EXERCISE INPUTS:
━━━━━━
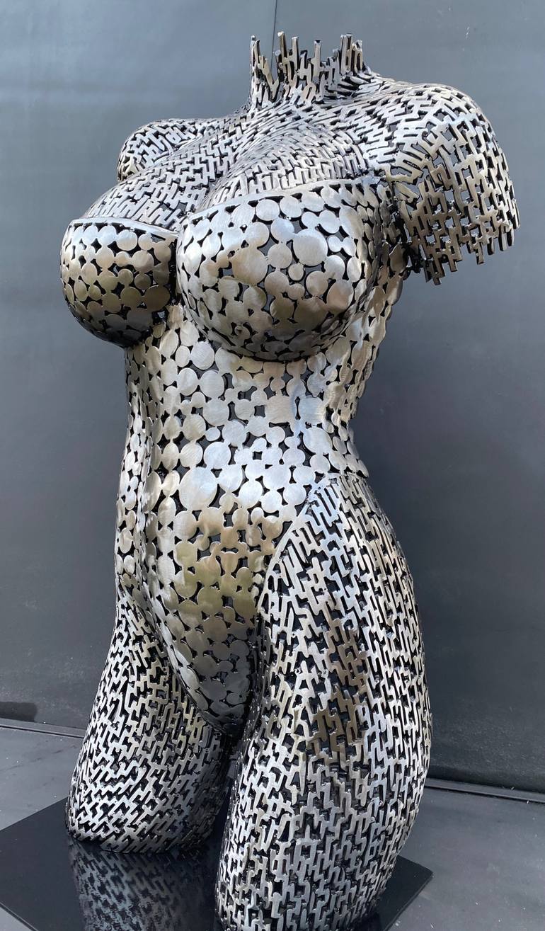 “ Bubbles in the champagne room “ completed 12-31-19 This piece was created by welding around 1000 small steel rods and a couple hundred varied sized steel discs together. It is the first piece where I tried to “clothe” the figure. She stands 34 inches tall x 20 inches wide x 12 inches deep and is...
━━━━━━
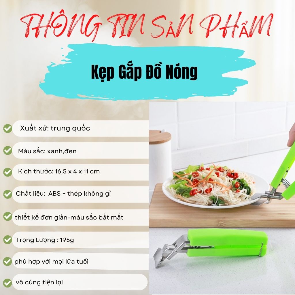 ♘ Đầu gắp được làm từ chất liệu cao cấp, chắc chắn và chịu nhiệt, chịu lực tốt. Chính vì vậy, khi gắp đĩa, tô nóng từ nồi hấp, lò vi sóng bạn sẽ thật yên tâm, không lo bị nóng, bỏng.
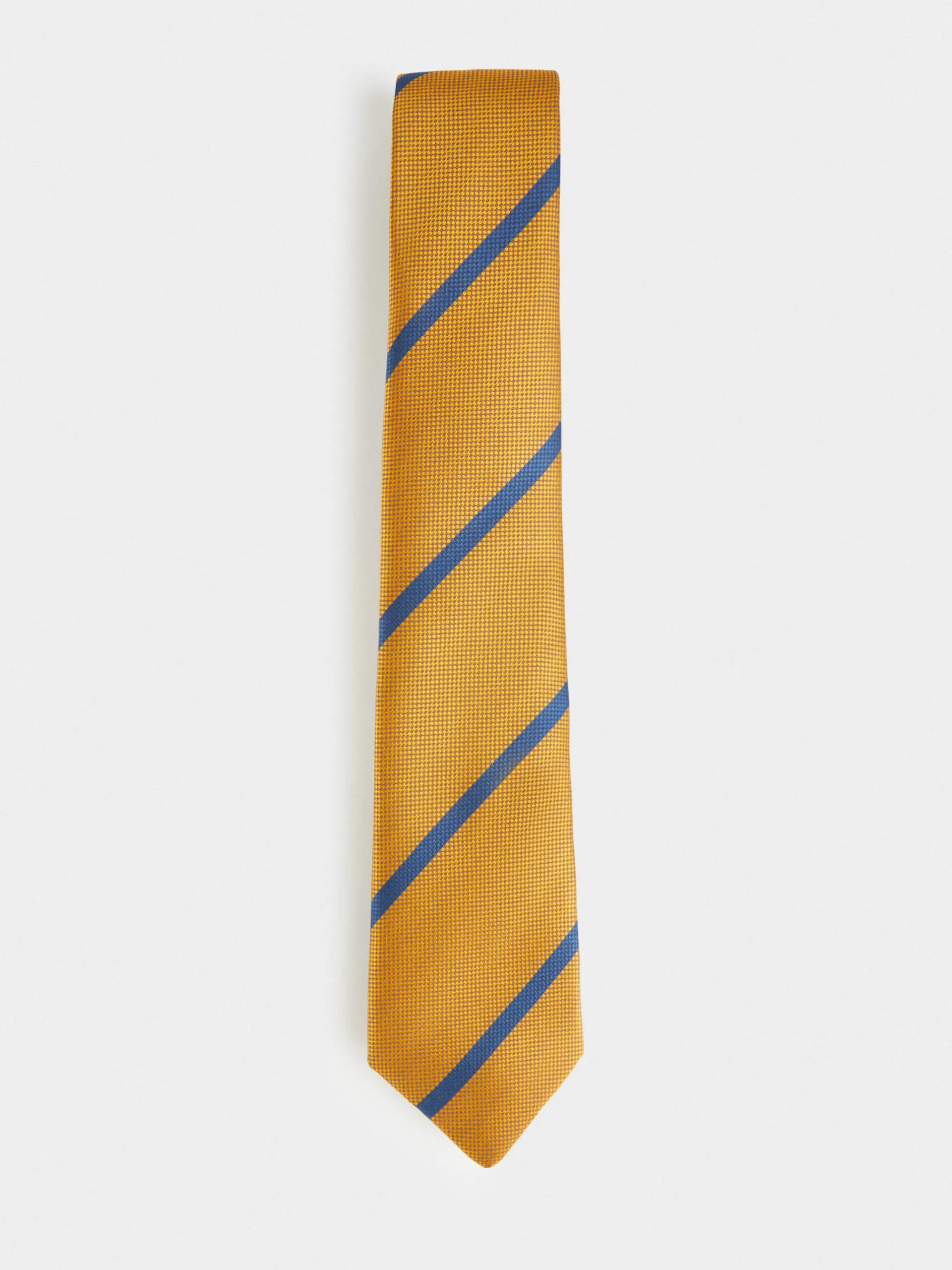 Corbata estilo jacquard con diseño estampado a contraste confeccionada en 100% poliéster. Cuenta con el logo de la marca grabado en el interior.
━━━━━━
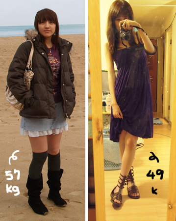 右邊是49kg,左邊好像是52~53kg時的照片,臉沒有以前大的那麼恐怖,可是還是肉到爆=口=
━━━━━━
INSTRUCTIONS TO FOLLOW: Leaving all pictures out, output exactly the lines of the material above from the line with "bị nóng, bỏng." to the line with "Corbata estilo jacquard", both included.

EXERCISE RESPONSE:
 ♘ Đầu gắp được làm từ chất liệu cao cấp, chắc chắn và chịu nhiệt, chịu lực tốt. Chính vì vậy, khi gắp đĩa, tô nóng từ nồi hấp, lò vi sóng bạn sẽ thật yên tâm, không lo bị nóng, bỏng.
 Corbata estilo jacquard con diseño estampado a contraste confeccionada en 100% poliéster. Cuenta con el logo de la marca grabado en el interior.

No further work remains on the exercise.